Most bench chemists run into various strong sulfonimides during catalytic cycles, knocking out impurities, or engineering clean leaving groups in complex organic syntheses. PhNTf2 breaks the mold because its phenyl ring shifts reactivity and adds both stability and selectivity in reactions. In my hands, it reliably acts as a tailored electrophilic triflylating agent. By leaning into such specific functionalization, it’s possible to swap out other activating groups for something that behaves with less drama and fewer side reactions. Colleagues trying to run tough arylation steps in the lab saw cleaner conversions and nicer separation profiles.
While triflic anhydride and related reagents play roles in similar spheres, they often demand harsher conditions or cause more headaches with moisture and hydrolysis. Here, PhNTf2 stays solid and doesn’t release clouds of corrosive fumes at the first sign of air—a practical plus, especially outside highly controlled environments. Its melting point and solubility characteristics grant it versatility across various solvents, including the nonpolar organics and polar aprotic workhorses found on nearly every chemist’s bench.

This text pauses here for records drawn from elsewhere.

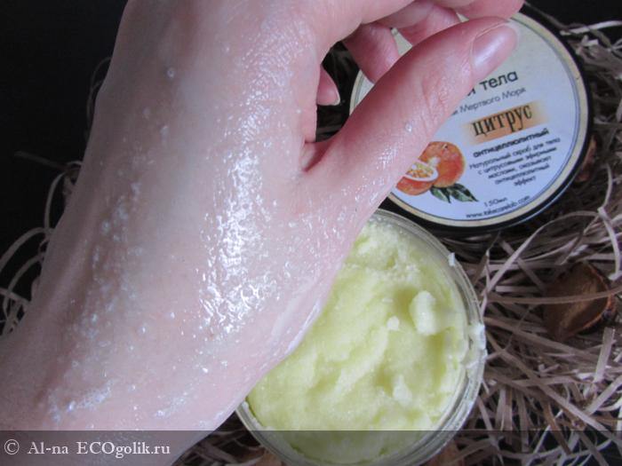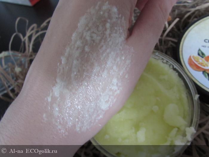 В "Цитрусе" мне не хватило скрабирующего эффекта, а также не понравился расход скраба. Этой баночки мне хватило на 2,5 раза - при условии применения на всё тело. Считаю, что этот расход довольно большой, учитывая полную стоимость.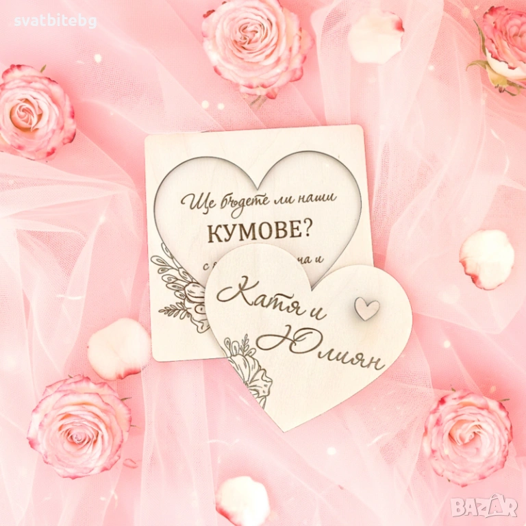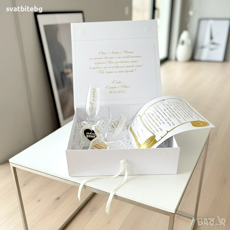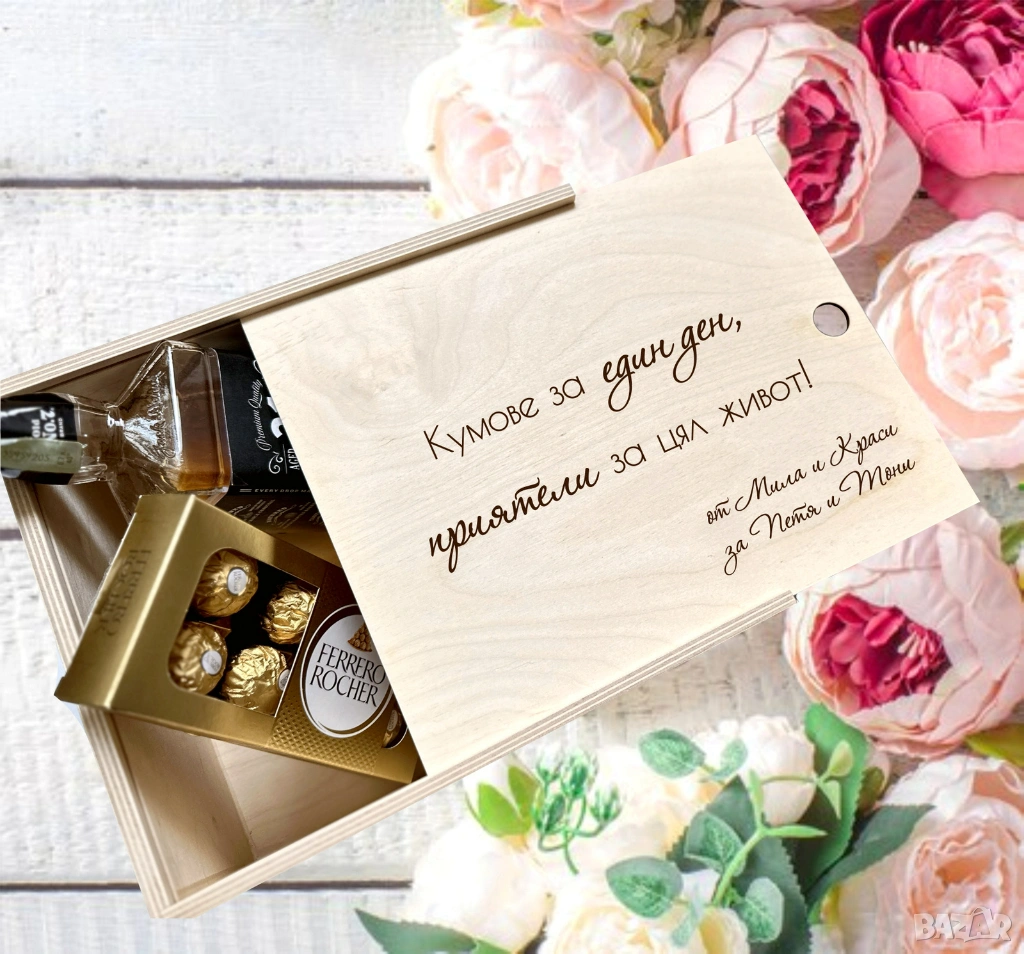 Добавете имена, дата, кратко послание или въпроса „Ще бъдете ли наши кумове?“ – всяка кутия се изработва с индивидуален надпис, съобразен изцяло с Вашата идея и стил на тържеството.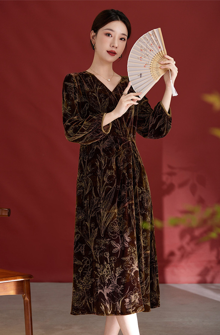 丝绒印花v领中长款优雅,重磅桑蚕丝连衣裙SM-82501829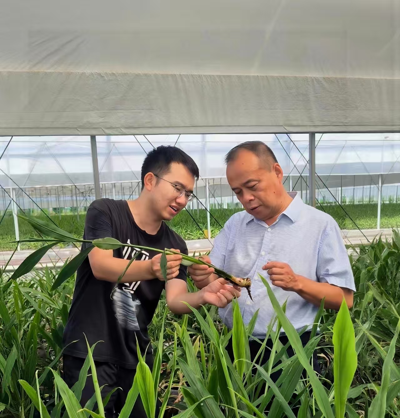 2025年7月,熊皓(右)在南昌市进贤县智慧农业产业园实地考察了智慧大棚农作物种植情况。

In small-scale routes, you end up juggling sensitivity and functional group tolerance. PhNTf2 provides a welcome compromise between strength and subtlety—potent enough to carry out imidation and sulfonylation, while not bulldozing through fragile molecular frameworks. Scale-up brings its own set of puzzles, especially around cost, stability during storage, and reproducibility batch-to-batch. In practical terms, because the compound holds up well in dry form and sometimes even travels in sealed packaging to avoid any absorbance of water, losses and variability cut down. That’s not a guarantee you’ll hit flawless yields, but it lowers one more layer of worry.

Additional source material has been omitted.